All was not lost, however. Or, perhaps, it was, we just didn’t know it yet. Two last-ditch efforts to revive the fallen shrine included a proposed hip-hop concert that was supposed to take place in the summer of 2015 and use of the building for a minor league football team. Both ideas were eventually struck down due to concerns of over-dilapidation and potentially hazardous disrepair.

Strike three called.

Current Akron Mayor, Dan Horrigan, has expressed, on numerous occasions, that’d he’d like to the see the stadium torn down. Police are now detailed to guard the ruins, which are quickly becoming a sort of ghost-town destination. Getting the pictures for this article, I saw three cop cars parked in and around the property. No doubt the venue poses a potential liability issue, especially since the fences used to keep people out are in about as much disrepair as the stadium itself. Kids have been trying to break into stuff they shouldn’t since the dawn of time, myself included.

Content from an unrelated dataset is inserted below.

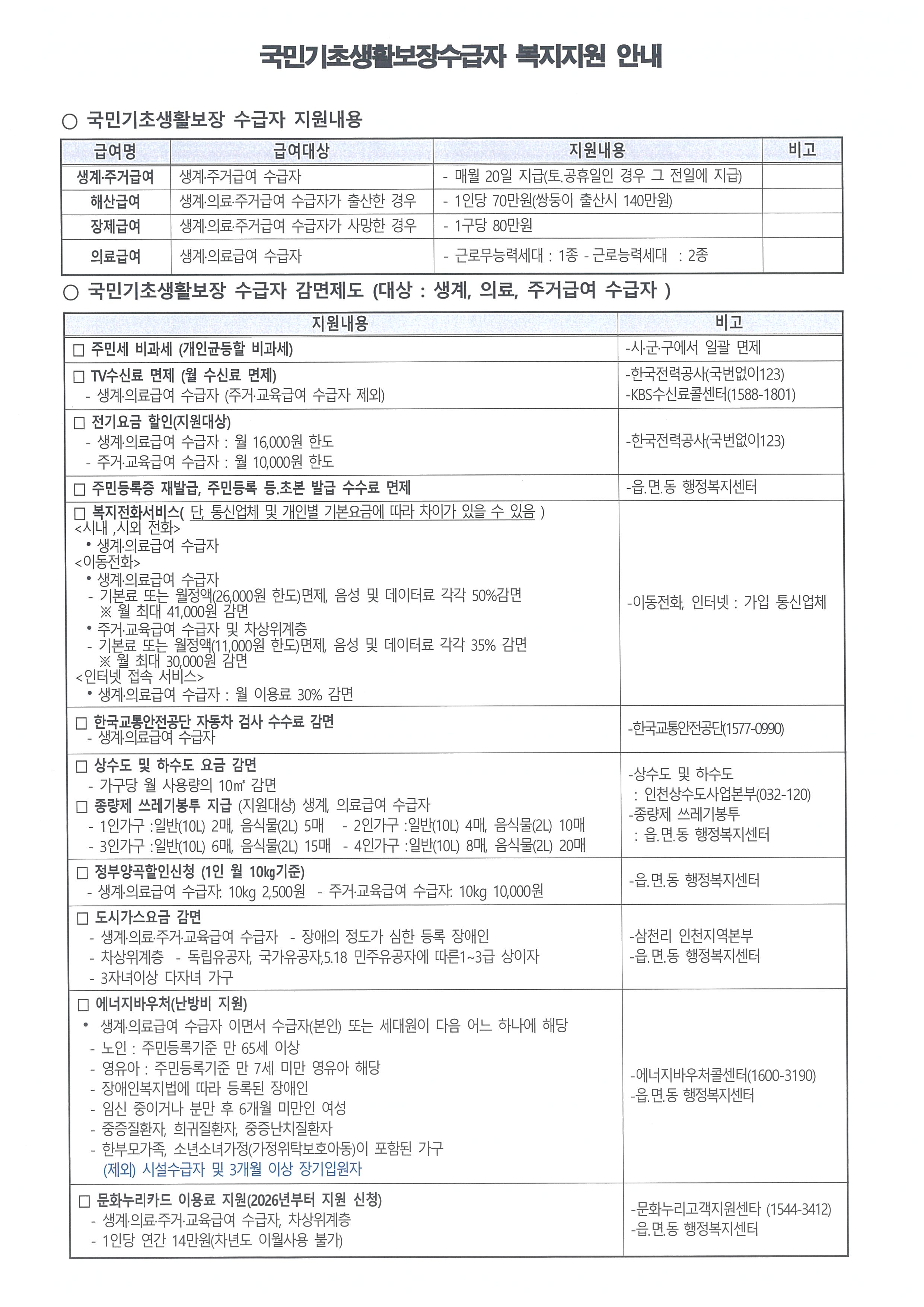 - 생계·의료·주거·교육급여 수급자

And, for now, I suppose they should. Before long, Akron’s Rubber Bowl will follow in the footsteps of other time-passed-over monuments to the area like Peninsula’s Hell Town and Cleveland’s League Park. Imagination and whatever you can find on the internet are now our only windows to what this effigy for a generation once held. Which, if given the right lighting and the right mood, can help you hear 35,000 screaming college football fans waving blue and gold banners chanting, "Akron! Akron! Akron!"